Analyzing supply chain shocks and resilience in real-world contexts requires looking at specific industry case studies that highlight vulnerabilities and adaptive strategies [77]. In addition to illustrating the diverse ways in which various sectors have been affected, these examples offer valuable insights for future risk mitigation [78]. Disruptions to food security, reliance on pharmaceutical supplies, and shortages of automotive chips underscore the importance, challenges, and strategic needs of sustaining global trade in times of crisis [79].

The first case study focuses on the automotive sector, particularly the shortage of semiconductors that became a global bottleneck during the COVID-19 pandemic and persisted into the conflict in Ukraine. Microchips, sometimes referred to as semiconductors, are essential to modern automobiles for everything from entertainment and safety features to engine control. Chip supplies were diverted from the automotive sector early in the epidemic due to a combination of East Asian factory closures and an increase in demand for consumer electronics. When the demand for automobiles began to rebound in late 2020, manufacturers were unable to get enough chips, which led to brief halts in production at large corporations like Ford, General Motors, and Toyota. While GM and others suffered longer-term production losses, Toyota, which is well-known for its lean inventory strategy, demonstrated incredible resilience by quickly reallocating resources and taking advantage of long-standing supplier relationships. In the wake of the crisis, numerous automakers have begun to reevaluate their supply plans, placing a greater emphasis on localizing chip manufacturing and buffering inventory [80].

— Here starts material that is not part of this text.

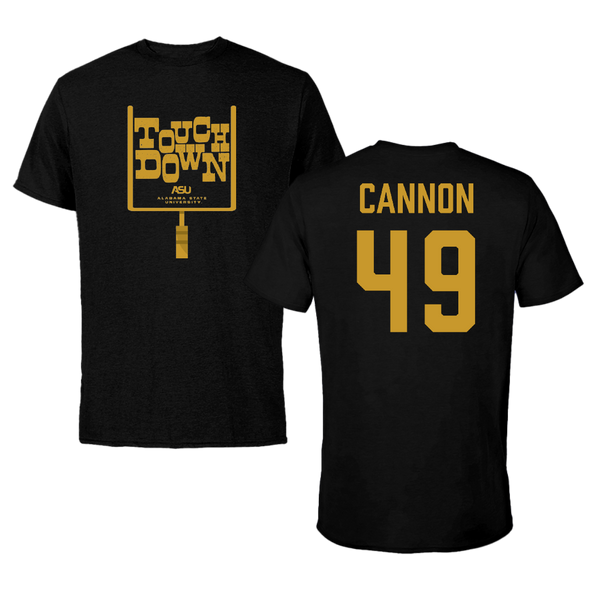 Alabama State University Football Black Touchdown Tee - #49 Baylor Cannon
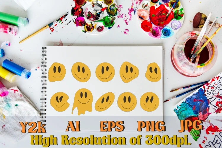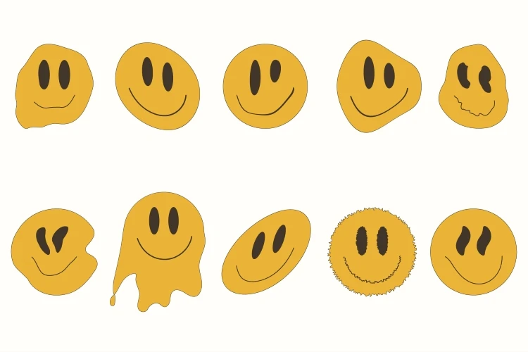 Psychedelic Smiles.Y2K collection.Sticker pack.Cartoon style. Retro y2k style.Vector set of design elements.Retro elements.Retro aesthetic y2k.Sticker set in y2k style.Designs for packaging.2000 years.Vector illustration of y2k.Nostalgia for 1980s.2000s

The second case looks at global food security, which was severely impacted by the conflict between Russia and Ukraine. Russia and Ukraine are major suppliers of fertilizers, sunflower oil, barley, and wheat. Food production was halted, Black Sea ports were closed, and the cost of necessities skyrocketed as a result of the invasion. Due to their heavy reliance on these imports, countries in the Middle East and North Africa experienced food shortages as well as inflation. Nations such Tunisia and Egypt turned to other suppliers and increased local stocks in response [81]. The Black Sea Grain Initiative, negotiated by the United Nations, was a major turning point as it briefly reopened corridors for grain exports. This case shows how strongly regional dependence and geopolitical instability can jeopardize food security and stresses the necessity of varied sourcing and regional trade agreements in fostering resiliency [82].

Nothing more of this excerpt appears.